* **Exercise description**
What follows is a set of records. Retype them exactly, leaving out the pictures.

* **Task inputs**
++++

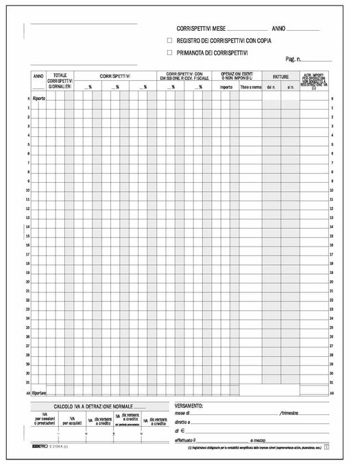 EDIPRO REGISTRO PIMA NOTA IVA CORRISPETTIVI 13X2 AUTORICALCANTE 30X23 E2104A
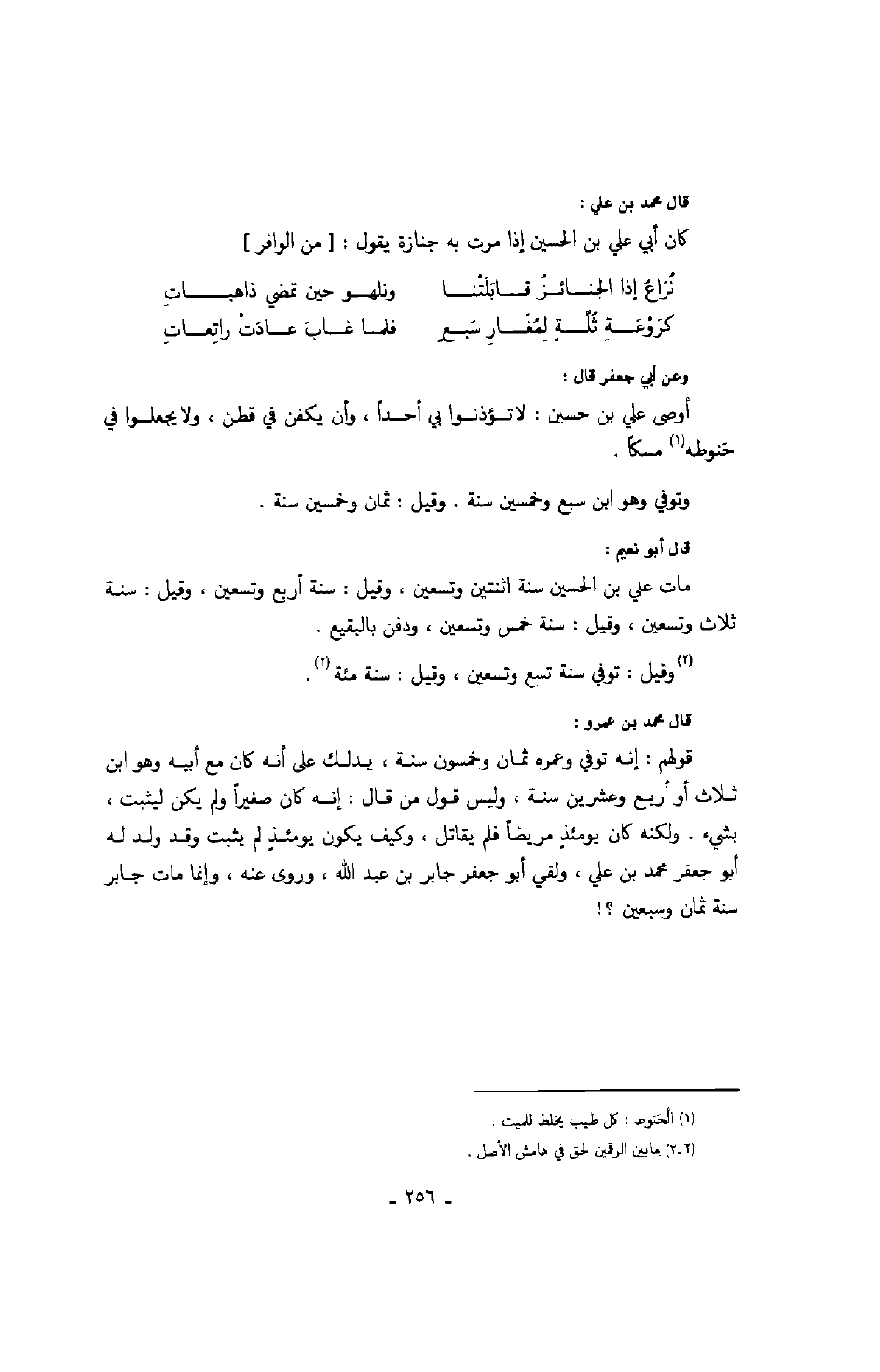 قال محمد بن علي: كان أبي علي ين الحسين إذا مرت به جازة يقول: من الوافر
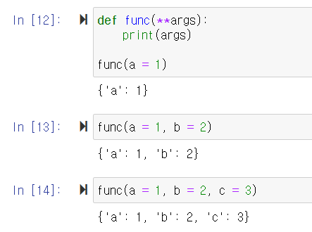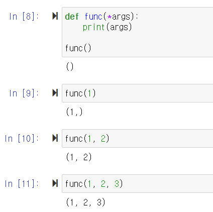 | def func(*args) | 값들이 튜플로 묶여서 args에 전달된다. |
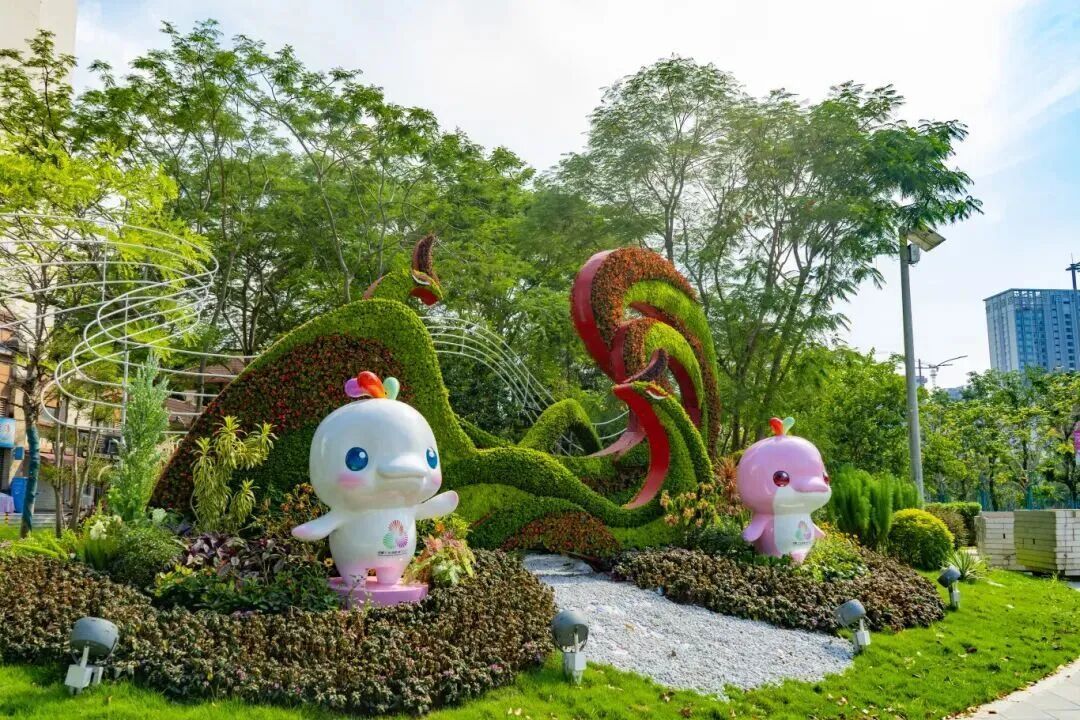 祥瑞物“乐滋滋”和“乐融融”伫立其间
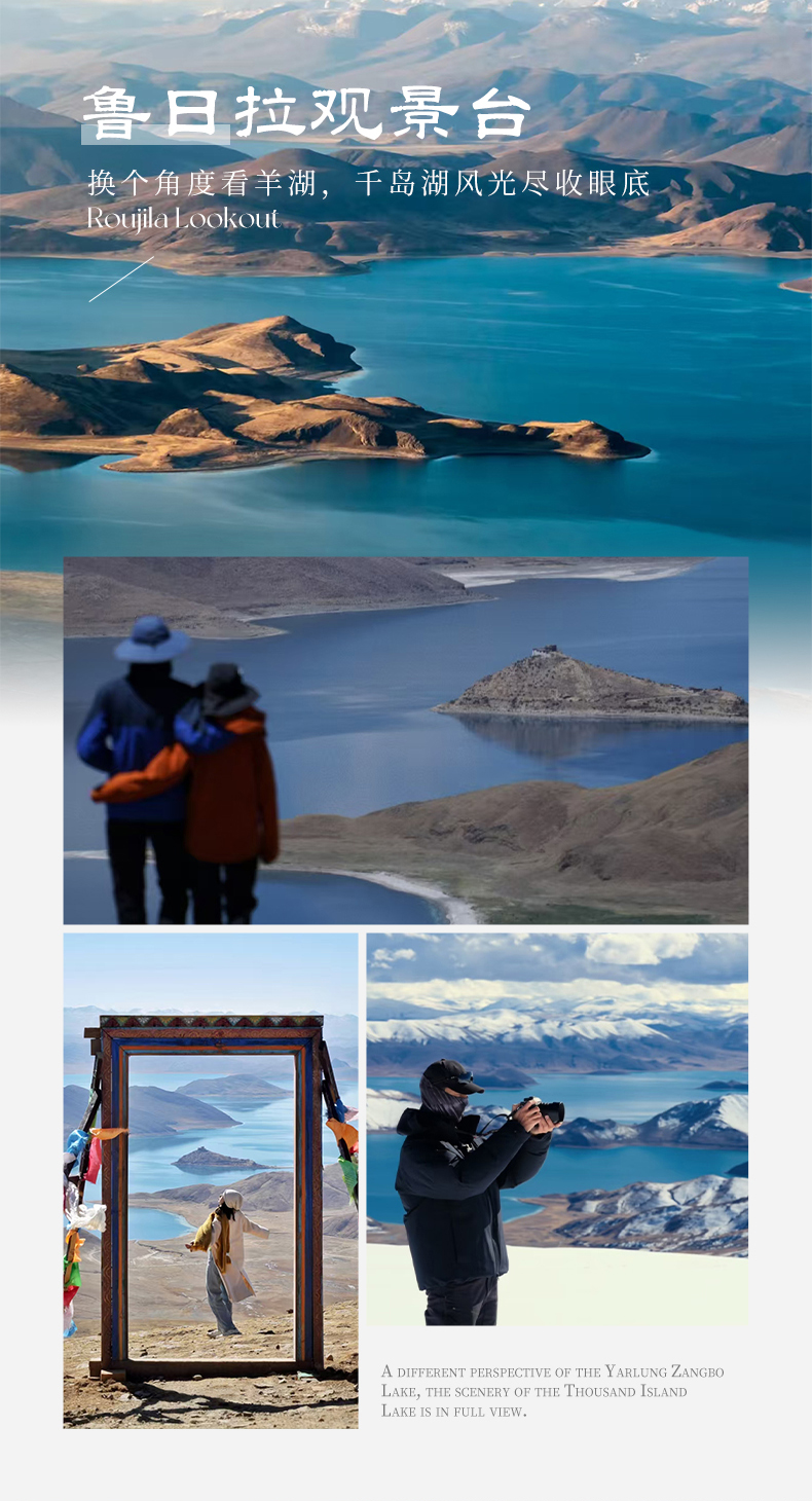 早餐后出发,沿着拉萨河出发前往【鲁日拉观景台】,鲁日拉观景台海拔4960米,这里的羊湖,仿若“千岛之湖”,峰谲云诡,奇秀婉约,与远处的云光、雪山连成一片。此处确实是俯瞰羊湖的极佳位置,极目远眺,天色、山色、湖色交相辉映,仿佛一面被冰冻的蓝色汪洋,让人不禁感叹大自然的鬼斧神工。

++++

* **The answer**
 EDIPRO REGISTRO PIMA NOTA IVA CORRISPETTIVI 13X2 AUTORICALCANTE 30X23 E2104A
 قال محمد بن علي: كان أبي علي ين الحسين إذا مرت به جازة يقول: من الوافر
 | def func(*args) | 값들이 튜플로 묶여서 args에 전달된다. |
 祥瑞物“乐滋滋”和“乐融融”伫立其间
 早餐后出发,沿着拉萨河出发前往【鲁日拉观景台】,鲁日拉观景台海拔4960米,这里的羊湖,仿若“千岛之湖”,峰谲云诡,奇秀婉约,与远处的云光、雪山连成一片。此处确实是俯瞰羊湖的极佳位置,极目远眺,天色、山色、湖色交相辉映,仿佛一面被冰冻的蓝色汪洋,让人不禁感叹大自然的鬼斧神工。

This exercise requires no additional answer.